Firstly clone the repo:
git clone https://github.com/AndrewSultan/ptq_resnet20.git
then activate venv and install requirements:
cd ptq_resnet20
python3 -m venv .
source ./bin/activate
pip install -r requirements.txt
for tests use
python -m pytest -s ./tests/
The ResNet20 is defined in ./src/model.py. To train it just run:
python ./src/train.py
The best model will be saved in weights folder.
For validation you can use:
python ./src/valid.py
The model shows quite good results (for resnet of course).
metrics | values |
---|---|
accuracy | 0.9153 |
precision | 0.9166 |
recall | 0.9153 |
f1 | 0.9156 |
To quantize model to 8bit with help of pytorch fx interface use:
python ./src/quant_fx.py
The model will be automatically saved in the qweight folder. Right after that you can simply run:
python ./src/valid_quant.py
Since it finds the last modified model you don't need to specify its name every time.
On validation quantized model shows the following results:
metrics | values |
---|---|
accuracy | 0.9155 |
precision | 0.9160 |
recall | 0.9144 |
f1 | 0.9147 |
The results are surprisingly good, accuracy is even slightly better (perhaps we are just lucky).
OK, let's find out what we can get from more extreme quantization, e.g. 2 and 4 bits. Also, we are going to check our solution for 8 and 16 bit quantization. Since I can't write alone for a week super-duper low-bit GEMM framework we will use Fake Quants that will help to imitate low-bit tensor multiplication.
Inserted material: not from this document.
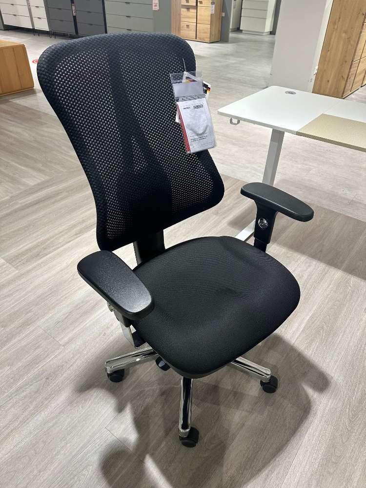 BemerkungDer Ortho Sedis 75 von TOPSTAR ist ein erstklassiger Drehstuhl, der speziell darauf ausgelegt ist, den Komfort und die Flexibilität am Arbeitsplatz zu maximieren. Mit seiner eleganten schwarzen Mesh-Rückenlehne und dem stabilen Fußkreuz aus Stahl kombiniert dieser Stuhl modernes Design mit Funktionalität. Die höhenverstellbaren Armlehnen ermöglichen individuelle Anpassungen, die den Benutzer in jeder Position unterstützen. Dank der stufenlosen Sitzhöhenverstellung mit Toplift kann der Stuhl bequem an unterschiedliche Tischhöhen angepasst werden, was für eine ergonomische Sitzposition sorgt. Die taillierte Rückenlehne und die höhenverstellbare Rückenlehne bieten zusätzlichen Komfort und fördern eine gesunde Haltung während langer Arbeitsstunden. Die Permanentkontakt-Mechanik sorgt dafür, dass Rücken und Sitzfläche stets in optimalem Kontakt zueinander stehen, um den Körper optimal zu unterstützen. Mit kompakten Maßen von 50 x 39-51 x 46 cm ist der Ortho Sedis 75 ideal für verschiedene Arbeitsplatzgrößen, ohne auf Komfort oder Stil verzichten zu müssen.

All tensors will be limited to the maximum possible values for the corresponding number of bits.
But first lets talk about structure of the model that we are going to quantize.
The model is described in ./src/qmodel.py
file.
It has the same number of layers as ResNet that we trained earlier.
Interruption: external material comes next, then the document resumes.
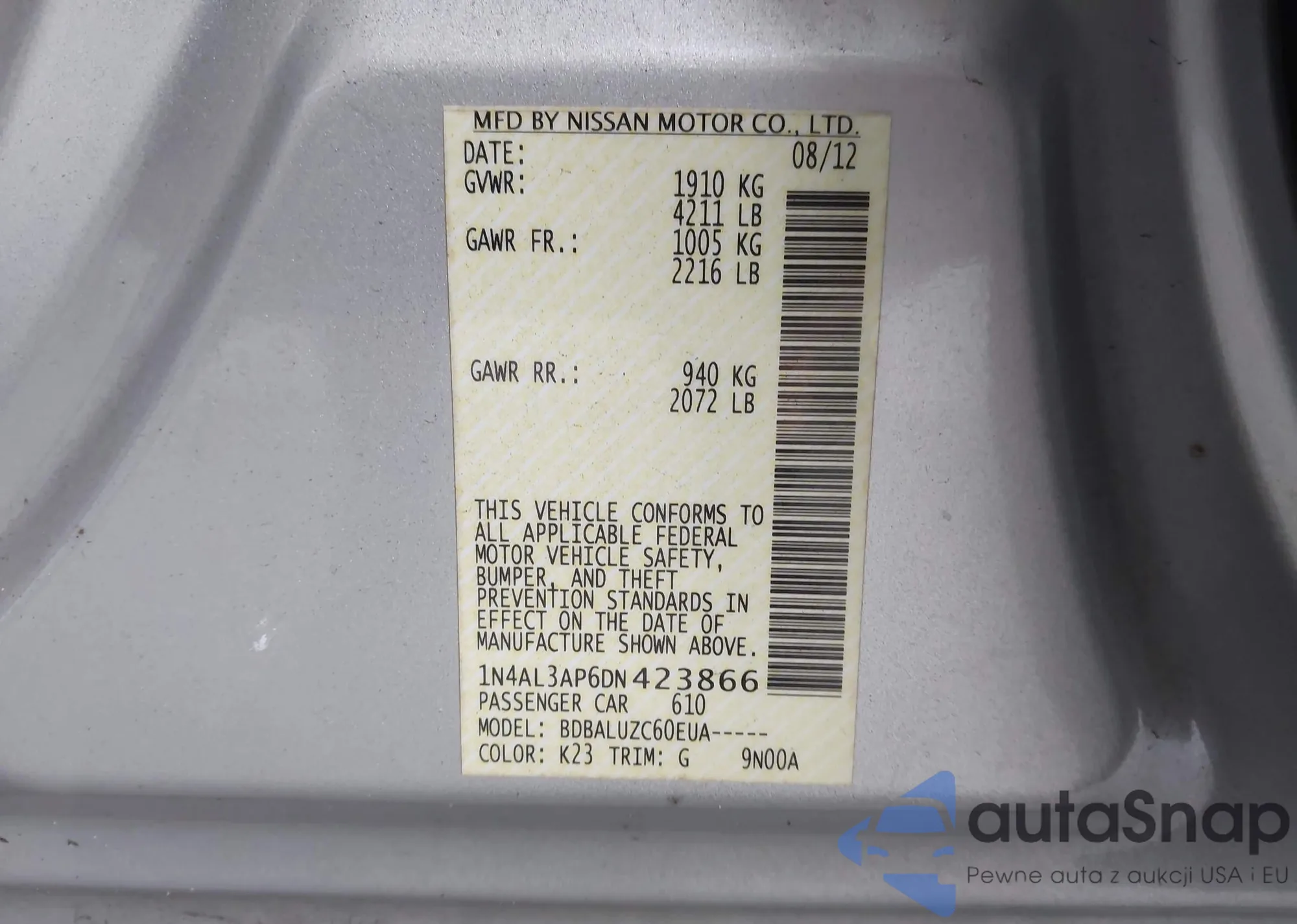 LOT: 42936668 VIN: 1N4AL3AP6DN423866

One of the differences is that it has no BatchNorm.
We got rid of it using BatchNormFolding that is well described in this article.
All classes that we use for building our model are in lbtorch
(low-bit torch) directory.
For convolutions we use class ConvRelu
and LBConv.
It allows us to store the weights of our model in quantized form.
Thanks to this, we can reduce the state_dict even for a int8 model.
Class QFakeStub
has 2 states: observe == True
or observe == False
.
When True
it just observes min/max values of tensors and calculate
qparams (scale and zero point) for 2, 4, 8 and 16 bits.
When False
it quant and then dequant tensor with corresponding quantization.
LBLinear
is functionally nn.Linear module for low-bits,
it also can contain weights in quantized form as ConvRelu.
LBObserver
is used to quantized weights of convolutions, e.g. quantize per channel, and tensors.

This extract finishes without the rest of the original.